Chapters 5 and 6 conclude the thesis and provide some thoughts about enhancements that can be carried out in the future, in order to further improve the previously developed graph-based analysis process.

2 Background and State of the Art

2.1 Static Code Analysis

There are several types of inspections that are usually carried out during static analysis:

- Lexical Analysis: The raw source code is converted into a tokenized form, where individual words are grouped together in order to form a single token. Analysis is then carried out on the token level.
- Control Flow Analysis: The statements are analyzed in their execution
order.
- Data Flow Analysis: Here, we look at the way data is exchanged inside the program, as well as interaction with external data providers.
- T aint Analysis: At which places does the program work with data that has been provided by the user, leading to potential security issues? [OWA19]

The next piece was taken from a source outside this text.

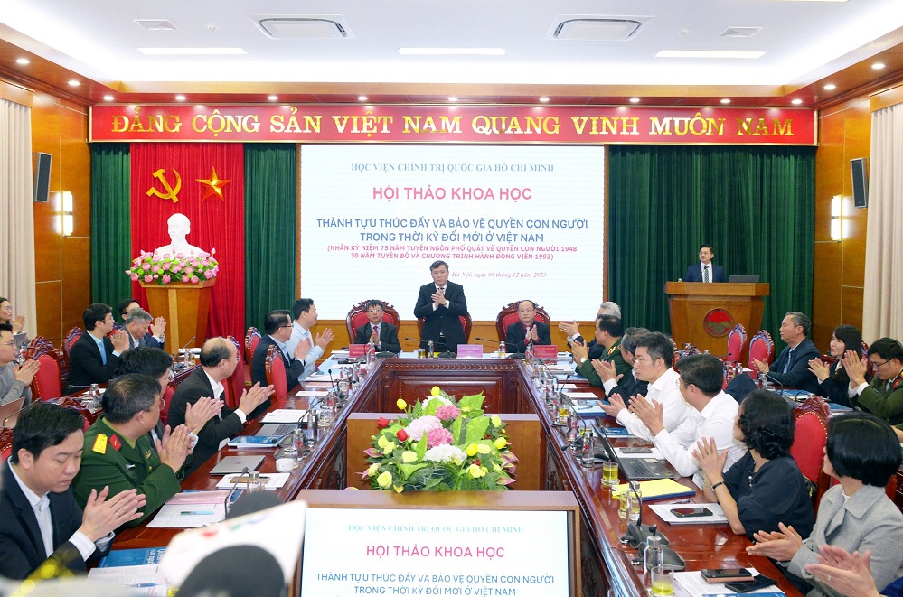 ในการนี้ ศาสตราจารย์ ดอกเตอร์ เลวันเหลย จากสถาบันรัฐศาสตร์แห่งชาติโฮจิมินห์ได้ย้ำถึงจุดยืนที่เสมอต้นเสมอปลายของพรรคคอมมิวนิสต์เวียดนามเกี่ยวกับสิทธิมนุษยชนและสิทธิพลเมือง ซึ่งได้รับการรับรอง สานต่อและพัฒนาในเอกสารการประชุมสมัชชาใหญ่พรรคฯ คือ รัฐเวียดนามให้ความเคารพ ค้ำประกันและปกป้องสิทธิมนุษยชนและสิทธิพลเมือง เวียดนามพยายามปฏิบัติคำมั่นและความร่วมมือระหว่างประเทศ ปรับปรุงกฎหมายและกลไกให้มีความสมบูรณ์เพื่อค้ำประกันสิทธิมนุษยชนและสิทธิพลเมือง ซึ่งเนื้อหาของอนุสัญญาต่างๆ ถูกระบุในรัฐธรรมนูญและกฎหมายเวียดนาม ในการนี้ บรรดาผู้แทนได้ชี้ชัดถึงความหมายและคุณค่าของปฏิญญาสากลว่าด้วยสิทธิมนุษยชนและความหมายต่อเวียดนาม โดยเฉพาะการปฏิบัติเป้าหมายการพัฒนาที่ครอบคลุมและยั่งยืน เพื่อมนุษย์และถือมนุษย์เป็นศูนย์กลาง เข้าร่วม ได้รับประโยชน์ ความได้เปรียบ ความท้าทายในการค้ำประกันและส่งเสริมสิทธิมนุษยชนในเวียดนามและโลกในสภาวการณ์ที่สถานการณ์มีการเปลี่ยนแปลง เสนอแนวทางและมาตรการปรับปรุงระบบนโยบาย กฎหมายให้สมบูรณ์ สอดคล้องกับมาตรฐานของโลกเกี่ยวกับสิทธิมนุษยชน.

All of these techniques can be performed more or less separately, but in the context of graph-based analysis, they can be unified. More details about this graph model will be provided in Section 2.3.

2.2 Robust Analysis

As already mentioned, code found somewhere on the Internet might not always be fully executable. And if this is not only due to issues with build configuration files or other organizational matters, but because the source code itself can not be compiled directly, this might even lead to issues when applying static analysis techniques. Now our goal is to make the graph-based analysis approach, which will be discussed in chapter 3, resilient against several common analysis issues.

2.2.1 Handling Incomplete Code

In the light of the huge popularity of programming-centered Q&A websites like StackOverflow, we might intend to also apply our graph-based approach on some of the code snippets found there. In this context, we are not dealing with fully working code (sometimes referred to as “minimal working examples”), but rather with single methods or even only statements. For simple problems, like how to use a certain library, this may well be enough to answer the question sufficiently. But, depending on the tools used for static analysis, analyzed code may need to contain all parts that are required by a compiler ’s syntax definition. The Java compiler for example expects methods to be contained in a class, so snippets containing a single method do not fulfill this specification.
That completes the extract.